The chart below displays Crocs’ sales, operating profit, net income, net margin, operating margin, and earnings per share over the coming years.

 

 

A Climate Change in Crocs Favor

Crocs’ products are ideal for summer time use. They are light, airy, and in every sense of the word, summer. So it is of no surprise that Crocs favors warm weather, and derives the majority of its revenues from the summer season. The more days in the year that are hot, the more money Crocs will make. While we have all heard about the global warming that is enveloping our world, the entire world is truly heating up. As the chart below displays, the global temperature is rising, and has been for the better part of the last decade.

 

With the temperature rising, more people will be rushing to get Crocs’ products, which help keep them cool. If Crocs is able to innovate their technology and create new products that have the purpose of keeping cool, they will reap the benefits of the warming world. 
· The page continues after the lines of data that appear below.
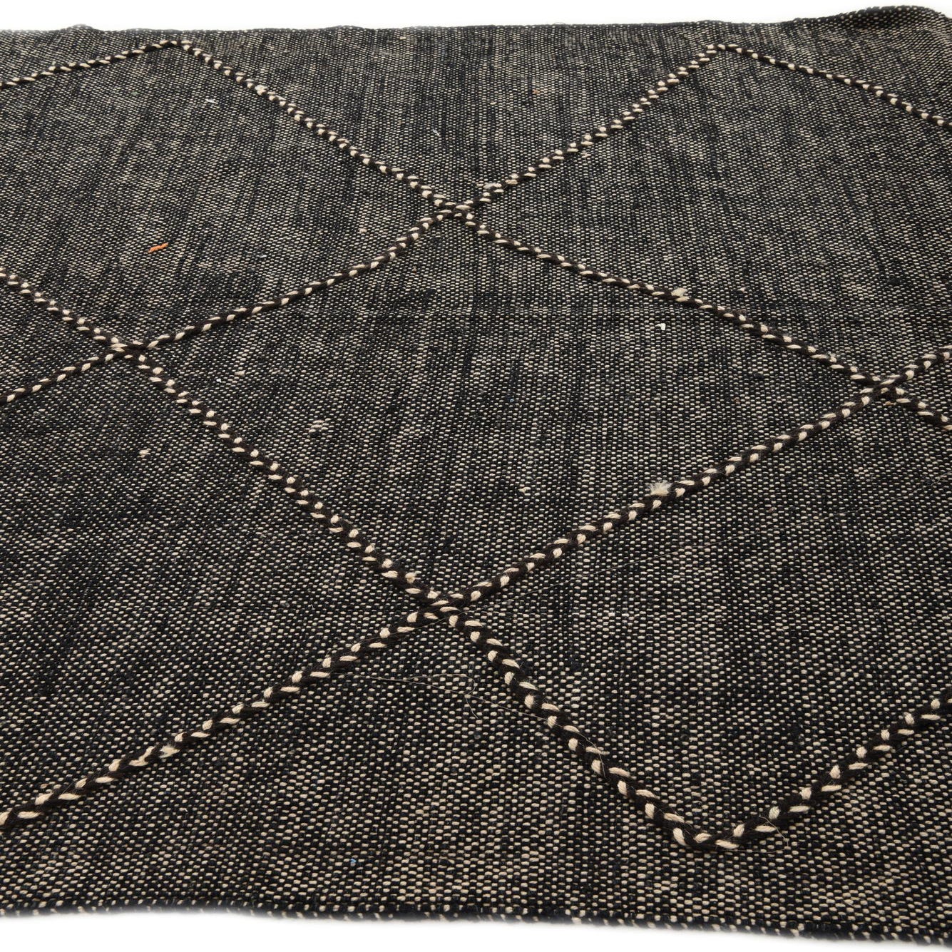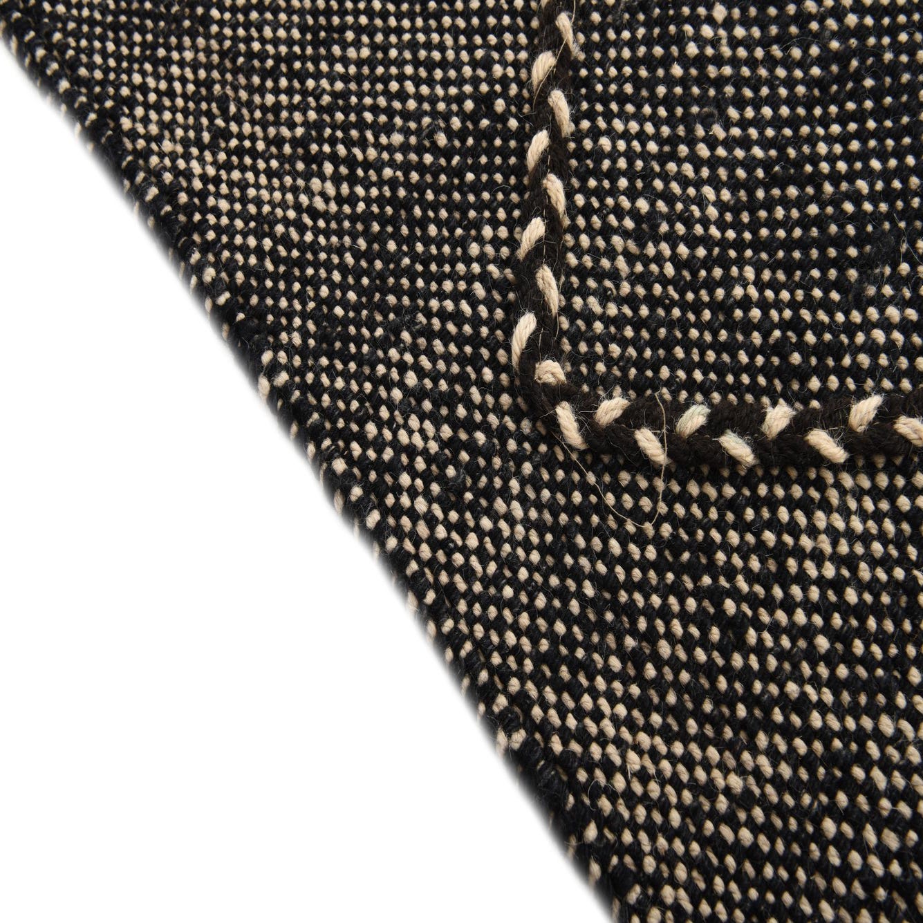 Primary color is Black. Colors in this rug include: Black, Beige.
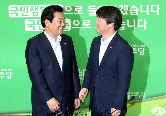 무소속 안철수 의원(사진 오른쪽)이 4일, 전병헌 민주당 원내대표를 예방한 자리에서 환하게 웃음 짓고 있다.
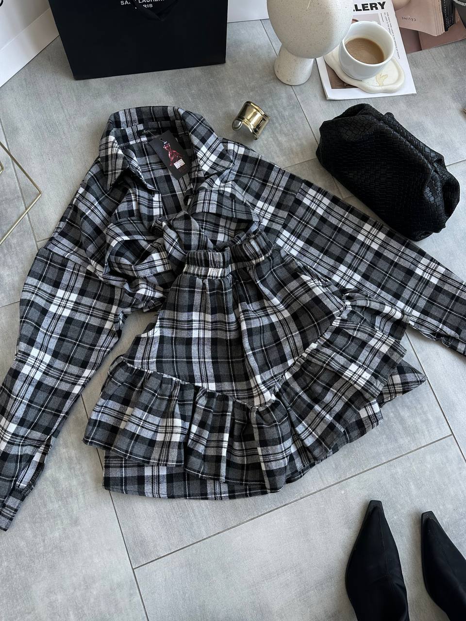 Клетчатый принт добавляет изюм и делает этот сет универсальным – он все равно будет эффектно выглядеть как в повседневных, так и в деловых или вечерних образах.

However, Crocs must innovate its technology and focus more on keeping the customer cool, if they do not, they will not take advantage of this shift. A possible way the company could achieve this is by developing a new line of products pinpointed on keeping cool. In the past Nike and Under Armour have developed lines that cater to this need, and I do not find it as a huge stretch that Crocs could do the same in the future.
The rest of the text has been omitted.